▸ Work to complete: The answer must be an exact copy of the lines from the one with "Ấm siêu tốc" through the final line below, with no pictures and nothing else.

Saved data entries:
········

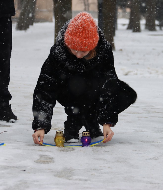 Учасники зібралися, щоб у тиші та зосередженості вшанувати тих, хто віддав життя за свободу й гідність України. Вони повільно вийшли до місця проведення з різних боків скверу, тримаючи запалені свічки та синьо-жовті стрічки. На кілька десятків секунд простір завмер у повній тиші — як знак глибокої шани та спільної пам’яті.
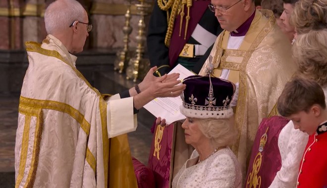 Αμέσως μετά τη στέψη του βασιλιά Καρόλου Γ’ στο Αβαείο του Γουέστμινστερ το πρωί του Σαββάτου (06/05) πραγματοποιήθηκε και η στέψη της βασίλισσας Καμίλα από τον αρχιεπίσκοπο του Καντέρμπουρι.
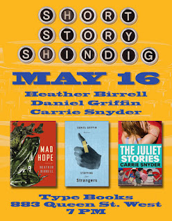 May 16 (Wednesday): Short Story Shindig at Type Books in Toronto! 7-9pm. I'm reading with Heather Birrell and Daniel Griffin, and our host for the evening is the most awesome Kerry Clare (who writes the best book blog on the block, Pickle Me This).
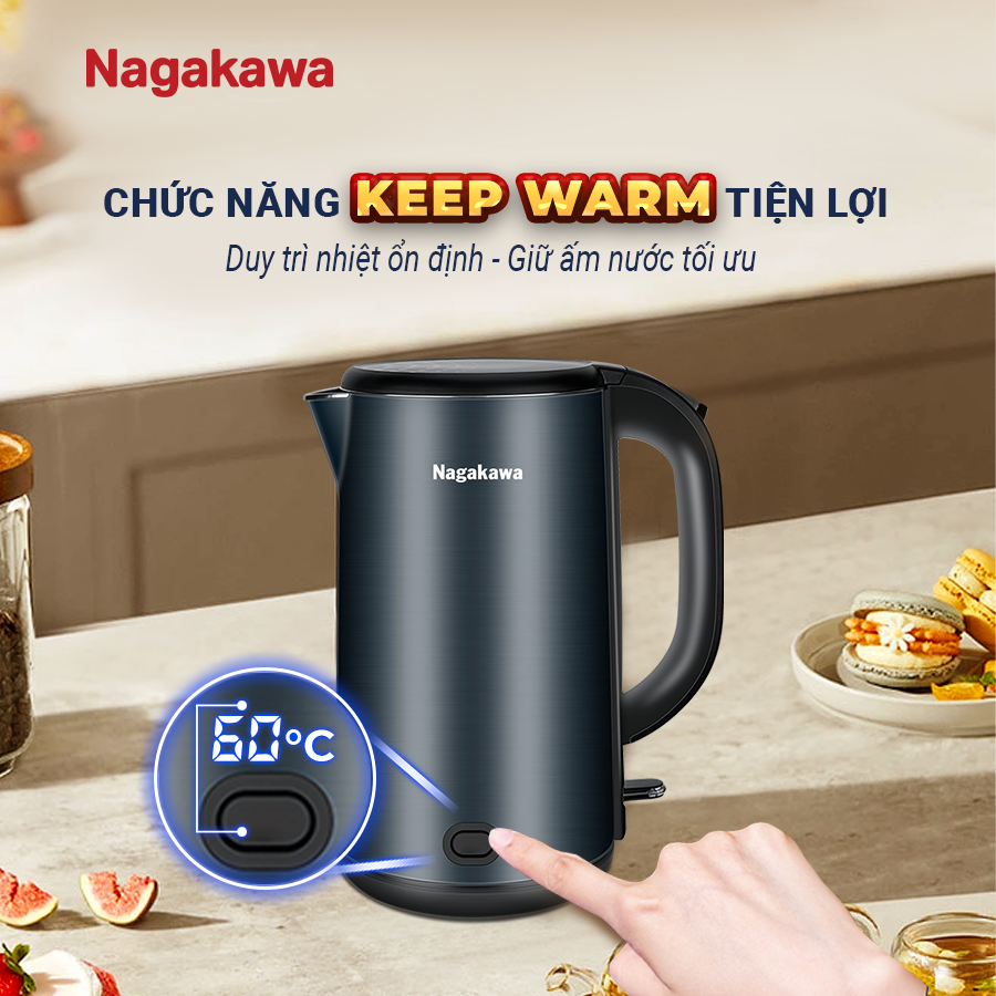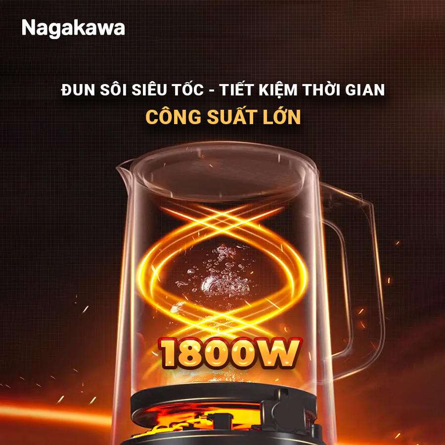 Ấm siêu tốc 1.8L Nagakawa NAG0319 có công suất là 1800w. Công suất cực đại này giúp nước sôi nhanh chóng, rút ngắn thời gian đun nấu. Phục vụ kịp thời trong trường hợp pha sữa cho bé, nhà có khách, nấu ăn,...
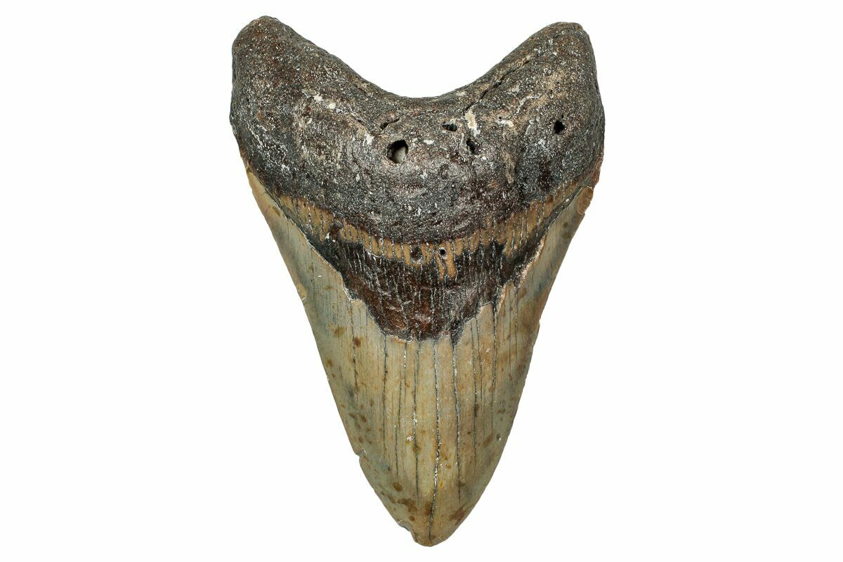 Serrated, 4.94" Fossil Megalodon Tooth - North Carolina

········

▸ Reply:
 Ấm siêu tốc 1.8L Nagakawa NAG0319 có công suất là 1800w. Công suất cực đại này giúp nước sôi nhanh chóng, rút ngắn thời gian đun nấu. Phục vụ kịp thời trong trường hợp pha sữa cho bé, nhà có khách, nấu ăn,...
 Serrated, 4.94" Fossil Megalodon Tooth - North Carolina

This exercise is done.